Hari berlalu begitu cepat, kesehatan ayah memburuk.  Sudah satu bulan ayah tinggal di rumah sakit. Nasihat ayah selalu menghiasi pertemuan setiap akhir pekan. Selalu ada kata perpisahan yang ayah sampaikan.

Hingga akhirnya tiba saat  jarak memisahkan aku dan ayah. Jarak yang tak panjang tapi tertutup oleh dimensi yang berbeda. Duniaku sudah bukan dunia ayah. Ibuku menjadi janda dan mengurus ketiga anaknya, yang sekarang punya gelar yatim.

Meski ayahku sudah tiada, tapi impian itu masih tetap terngiang dalam telingaku. Iya, hanya sebatas bisikan mimpi. Karena aku melihat, mimpi itu tak pernah mungkin jadi nyata. Lihatlah, bagaimana ibu harus menghidupi dan membiayai sekolah kami. Sedangkan sekolah kedokteran membutuhkan jutaan uang. Bisa saja aku nekat sekolah. Tapi akibatnya adik-adikku harus merelakan sekolahnya. Ah, tentu itu masih kurang. Uang peninggalan ayah tentu tak banyak. Tapi keyakinan dan keteguhan hatiku selalu menang. Aku tetap berusaha semampuku, karena pasti akan ada jalan menuju impian, jika itu adalah takdir.

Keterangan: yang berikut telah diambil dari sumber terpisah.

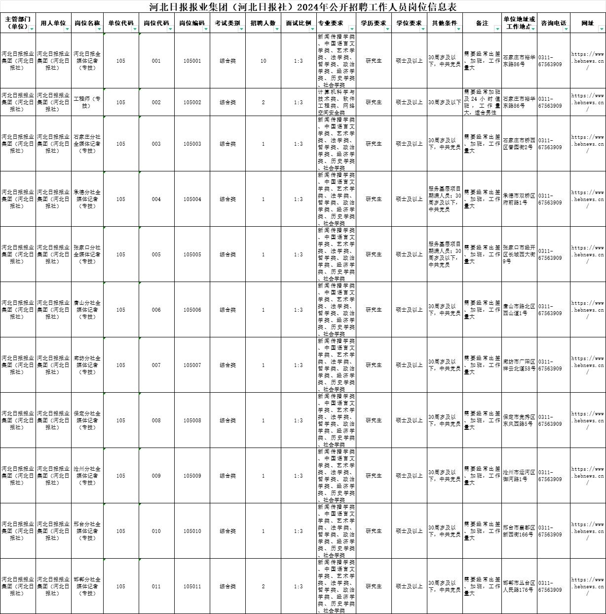 政策咨询电话:0311-67563909(河北日报报业集团人力资源部)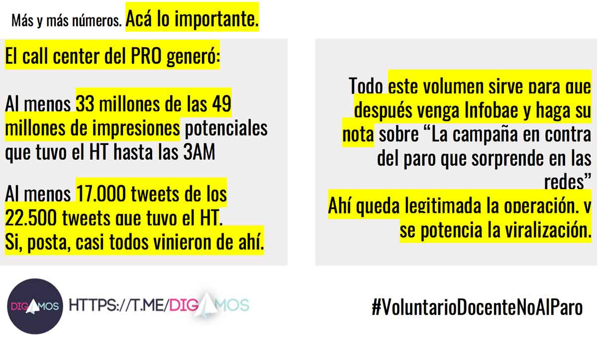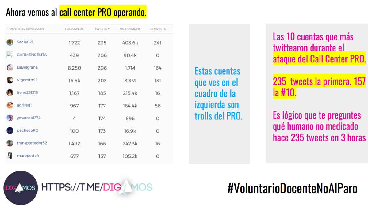 Por citar algunos ejemplos, «la cuenta @Vigoroth92, lanzó 202 tweets para alcanzar una cifra desmesurada de impresiones. No fue la única. De las diez cuentas que más twittearon durante la embestida del ‘call center PRO’, la primera arrojó 235 mensajes –en sólo tres horas- y la décima, 157», aseveran.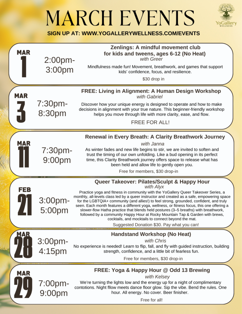 Sign up for Zenlings age 6-12 Sign up for Human Design Workshop Sign up for Clarity Breathwork Sign up for Queer Takeover: Pilates/Sculpt Sign up for Handstand workshop Sign up for yoga and happy hour at odd 13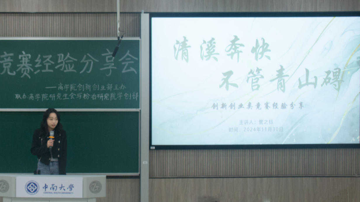 管之钰、彭盼君同学分享经验。前者从如何组队、怎样撰写项目书的格式、美化答辩演说形式等细微处切入,由点及面,将竞赛中的细节展开分析,将经验倾囊相授,让竞赛变得“有章可依”。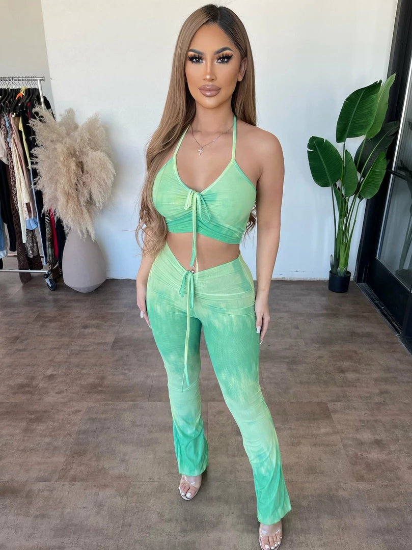 ~Matching made from nice print mesh material with halter top and pants for bottoms, Top has adjustable front scrunch detail and goes great with many heelsÂ

Aku mengajar TK di dekat rumah, menjual dagangan usaha milik budeku (kakak ibu). Lumayan, beberapa kerabat ayah kuhampiri, agar mau membeli daganganku. Lantas uang hasil dagang dan mengajar kutabung, untuk menambah uang kuliah.

Hari itu adalah hari penentuan, segala usaha telah kukerahkan. Tiba saatnya aku melohat pengumuman. Ku buka laptop dan masuk ke halaman resmi tes sbmptn. Ternyata saat aku melihat, hatiku berdesir hebat. Aku dinyatakan lulus, tapi bukan di fakultas kedokteran, melainkan di fakultas keguruan. Ah, tentu saja aku kecewa. Tapi aku heran betapa menerimanya hatiku saat itu. Aku bahkan tidak meneteskan setetes air mata, hatiku rela menerimanya bahkan tetap mengucap syukur. Entah mengapa tapi hati ini terasa lebih nyaman saat menerima kenyataan pahit itu. Awalnya kupikir akan menangis.

Tapi menerima sebuah kenyataan adalah hal terindah dalam pembelajaran hidup. Lihatlah bagaimana aku bisa menerima segalanya dengan ikhlas. Aku melihat kondisi keluarga yang semakin terpuruk ekonomi, hingga harus kuputuskan mengurungkan niat. Bahkan uang tabunganku sudah habis terbabat. Maka, aku yakin bisa melanjutkan impian ayah, hanya sekedar mendapat sarjana, meski bukan sarjana kedokteran. Semoga ayah bangga memiliki anak seperti aku. Aku menyayangimu ayah.

1 komentar:

  1. Terharuu ... semangat Mbak Araa ... Allah menyayangimu 😘

    Semoga ayahandanya di tempatkan di tempat terbaik menurut-Nya ya ... 😊 Aamiin YRA.